The effects of nicotine in l‐NAME and 7‐NI‐pretreated rats could be partially restored when rats were coadministrated with MOL (50 mg/kg i.p; Figure 2D). Thus, in combined l‐NAME + MOL pretreated rats nicotine evoked a significant increase of firing rate group 87.0 ± 15.8% (P < 0.003; n = 7; Figure 2A) that was not different to the nicotine group (P > 0.5; n = 7; Figure 2D). 7‐NI coadministrated with mol did not significantly counteract the excitatory nicotine effect only at the higher dose (P > 0.1). In addition, MOL was able to restore the nicotine effect in the l‐NAME rats in terms of burst firing. The burst firing expressed as Δ at the cumulative dose of 775 μg/kg of nicotine in the rats pretreated with l‐NAME + MOL was 15.2 ± 6.68 and was not different to the effect elicited by nicotine (P > 0.18; n = 7; Table 1). In the pretreated 7‐NI + MOL rats nicotine was capable of increasing the number of spikes fired in burst but the Δ was still significantly different compared to nicotine group (P < 0.05; n = 6; Table 1).
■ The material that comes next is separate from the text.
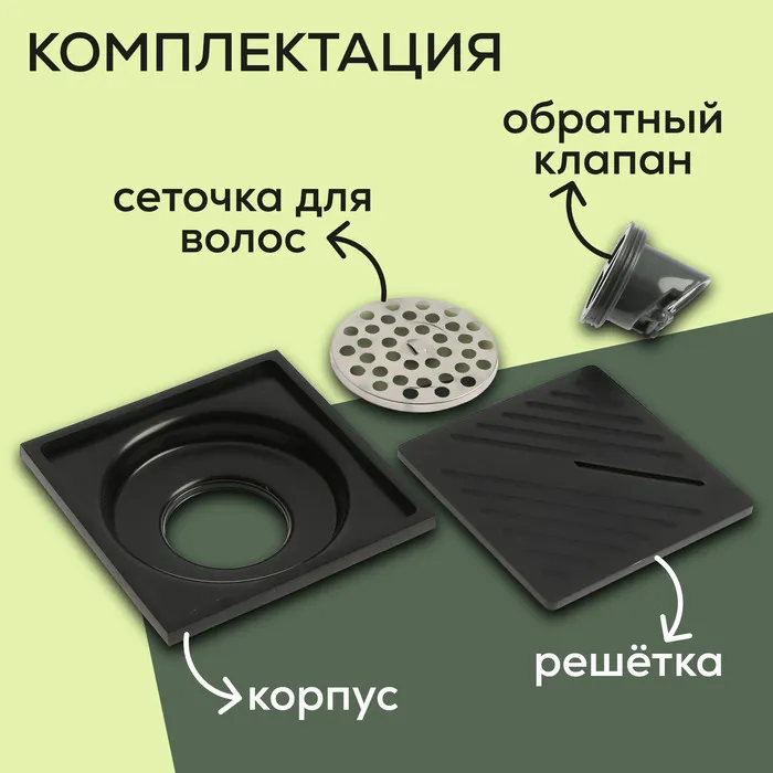Трап AFLORN AF20510F-10, 100×100 мм, горизонтальный, латунь, черный

Effects of 7‐NI, MOL, l‐NAME, l‐ARG on Nicotine‐induced DA and DOPAC Release in the Corpus Striatum

Results consistent with the extracellular recordings were obtained with a neurochemical approach. Indeed, 7‐NI or l‐NAME (50 mg/kg, i.p.; n = 5 each) treatment did not modify the DA release in the striatum (Figure 3A); although DOPAC efflux was significantly reduced by the 7‐NI treatment (–38.1 ± 6.8%; P < 0.01) (Figure 4A). Furthermore, neither MOL (50 mg/kg, i.p.; n = 5) nor l‐ARG (50 mg/kg, i.p.; n = 5) modified DA release or DOPAC efflux in the striatum (Figures 3A and 4A).

Figure 3.

Figure 3

(A) Time course of the effect of acute nicotine (1 mg/kg, i.p.) administration on extracellular levels of DA in the corpus striatum (n = 5). All the drugs and vehicle were injected at the time indicated by vertical arrow. Each data point represents mean ± SEM absolute levels of DA, without considering probe recovery. Statistical analysis shows a significant effect of nicotine (one‐way ANOVA; P < 0.01) as compared with the control group. 7‐NI (50 mg/kg), l‐NAME (50 mg/kg), MOL (50 mg/kg), and l‐ARG (50 mg/kg) did not modify at any time the DA levels. (B) Time course of the blockade by 7‐NI and l‐NAME of the excitatory actions of nicotine (1 mg/kg, i.p.) administration on extracellular levels of DA in the corpus striatum. The dose of 50 mg/kg i.p. 7‐NI and l‐NAME completely prevented nicotine‐induced increase in DA release (two‐way ANOVA; #P < 0.05, ##P < 0.01 by Tukey‐Kramer post hoc test).

Figure 4.

Figure 4

(A) Time course of the effect of acute nicotine (1 mg/kg, i.p.) administration on extracellular levels of DOPAC in the corpus striatum (n = 5). All the drugs and vehicle were injected at the time indicated by vertical arrow. Each data point represents mean ± SEM absolute levels of DA, without considering probe recovery. Statistical analysis shows a significant effect of nicotine and 7‐NI (one‐way ANOVA; P < 0.01) as compared with the control group. l‐NAME (50 mg/kg), MOL (50 mg/kg), and l‐ARG (50 mg/kg) did not modify at any time the DOPAC levels. (B) Time course of the blockade by 7‐NI and l‐NAME of the excitatory actions of nicotine (1 mg/kg, i.p.) administration on extracellular levels of DOPAC in the corpus striatum. The dose of 50 mg/kg i.p. 7‐NI and l‐NAME completely prevented nicotine‐induced increase in DOPAC release (two‐way ANOVA; #P < 0.05, ##P < 0.01 by Tukey‐Kramer post hoc test).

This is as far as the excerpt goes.